- [About this task] Below, find the line containing "最令师范生感触深的是教研活动" and the line containing "まるでヴィンテージのスウェッ"; reproduce exactly those two and every line between them, omitting pictures.

- [Data extract]

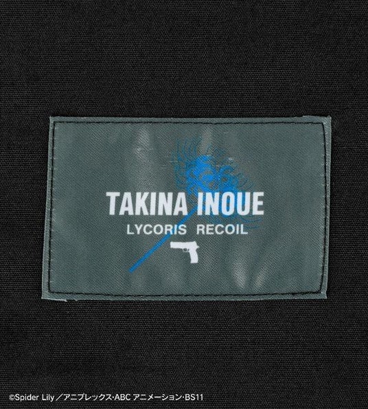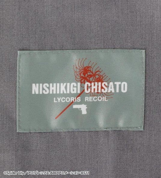 袖部分には、錦木千束をイメージしたカラーのアームクリップをアクセントとして取り付け、胸元にはリコリスの校章を刺繍で再現しました。
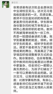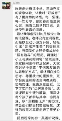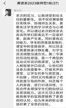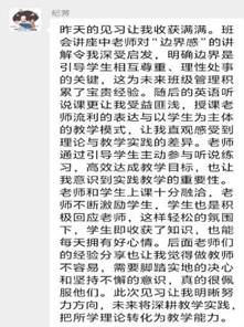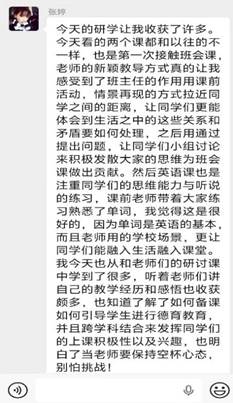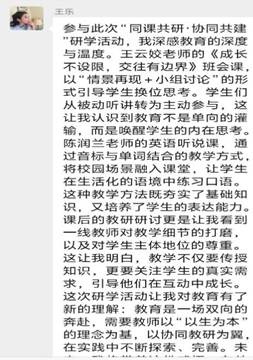 最令师范生感触深的是教研活动环节。在纳老师领学师德师风和新课标的相关文件后,七年级备课组长梁老师介绍了集体备课的经验和成果。在对陈润兰老师的展示课评课过程中,其他老师的点评真诚且有针对性,提出的五点建议让师范生看到一节课多次打磨后依然有提高的空间。赌博游戏app 师生积极参与研讨,Smith博士肯定了课堂活动的效果,李艳、牛林琳、于成龙、徐哲四位师范生也现场分享了这次见习的收获与感悟。
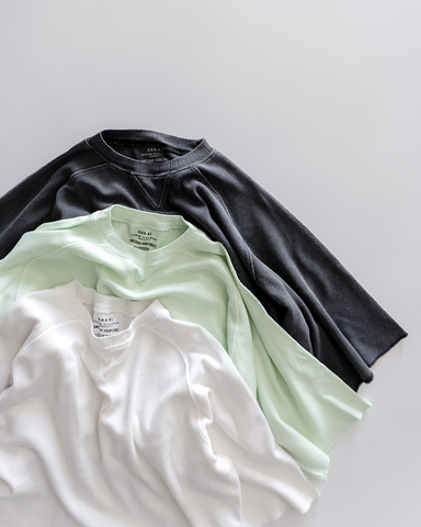 まるでヴィンテージのスウェットをリメイクしたかのような一着。製品染めによる味わい深い色合いと、袖下にガゼットが繋がるピポットスリーブが特徴的。
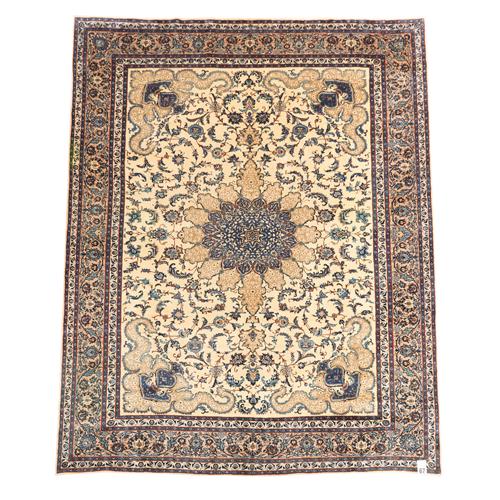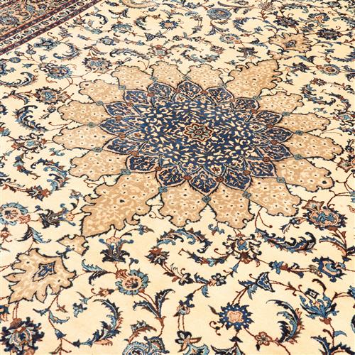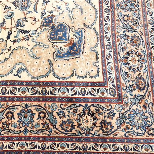 A FINE PERSIAN KASHMAR CARPET, FINELY AND VERY DENSELY HAND KNOTTED. THE CARPET HAS A VIBRANT SUNBURST CENTRAL MEDALLION IN FRENCH BLUE AND PLATINUM ON AN IVORY FIELD WITH ALL OVER SHA ABASI PALMETTES AND TENDRILS. UNIQUE CLOUD COLLAR CORNER MEDALLION MOTIFS. SUPERB POLISH TO THE WOOL. SIZE: 400 X 305 CM – RRP: $5,900 - ORIGIN: IRAN DOCUMENTATION OF AUTHENTICITY INCLUDED.
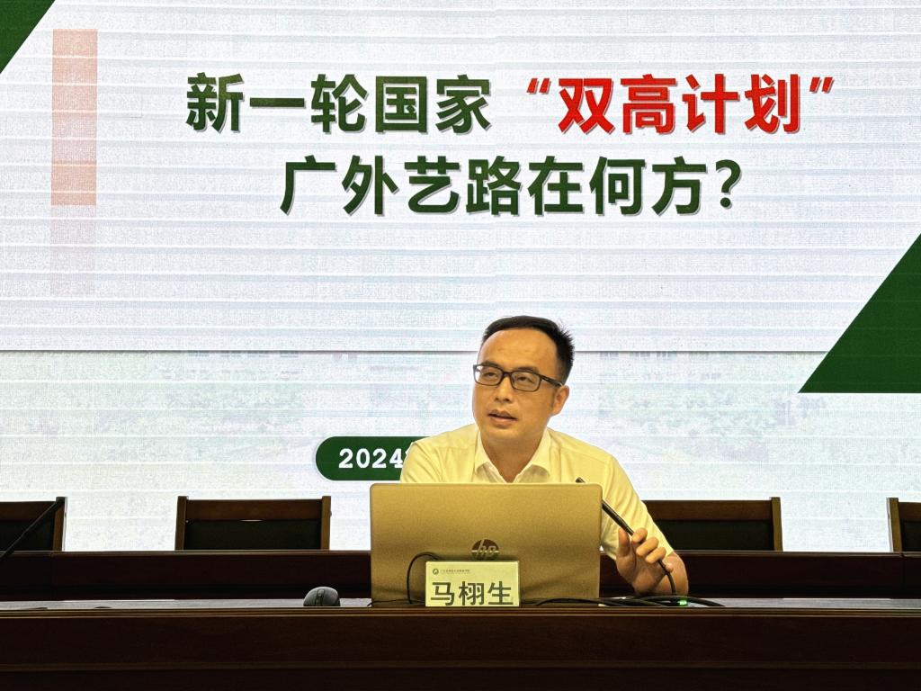 会上,学校党委书记马栩生教授作题为《新一轮国家“双高计划”广外艺路在何方?》的主题报告,以发展新质生产力推进高质量发展为目标,结合现代职业教育体系建设改革任务,全面梳理学校内涵建设的目标和工作重点。他首先从“底数清”的角度,根据国家职业教育发展的最新要求,对标首轮国家“双高计划”遴选条件,对学校的发展现状进行精准把脉。在“方向明”的阐述中,对照首轮国家“高水平专业群”基本条件及入选专业群布点,结合广东省高职院校高水平专业群建设项目中期检查结果,对广外艺“外、艺、幼、焙、老”专业布点以及7个省级专业群的实力现状进行全面分析,再结合教育部“双高监测平台”建设水平76项成果类别中,学校获得的25类国家级标志性成果情况,进一步明晰广外艺国双高的努力方向。在学校“当何为”的举措中,他指出学校要结合省高中期检查及下一阶段推进,围绕新一轮国家“双高计划”遴选,重点做好四项工作:一是要瞄准省高头部目标,在省高建设结束期前力争创新强校工程考核排位进入全省前列;二是要强化学前领军地位,举校建设好学前教育专业群,朝着全国前列奋进;三要聚焦重点突破领域,围绕申报“高水平专业群建设单位”,进行学前教育群整合、提升;四是要着力补齐短板,对照76项验收指标,尽快查漏补缺、补齐短板,并同步做好省双高和创强工作。

- [Solved problem]
 最令师范生感触深的是教研活动环节。在纳老师领学师德师风和新课标的相关文件后,七年级备课组长梁老师介绍了集体备课的经验和成果。在对陈润兰老师的展示课评课过程中,其他老师的点评真诚且有针对性,提出的五点建议让师范生看到一节课多次打磨后依然有提高的空间。赌博游戏app 师生积极参与研讨,Smith博士肯定了课堂活动的效果,李艳、牛林琳、于成龙、徐哲四位师范生也现场分享了这次见习的收获与感悟。
 まるでヴィンテージのスウェットをリメイクしたかのような一着。製品染めによる味わい深い色合いと、袖下にガゼットが繋がるピポットスリーブが特徴的。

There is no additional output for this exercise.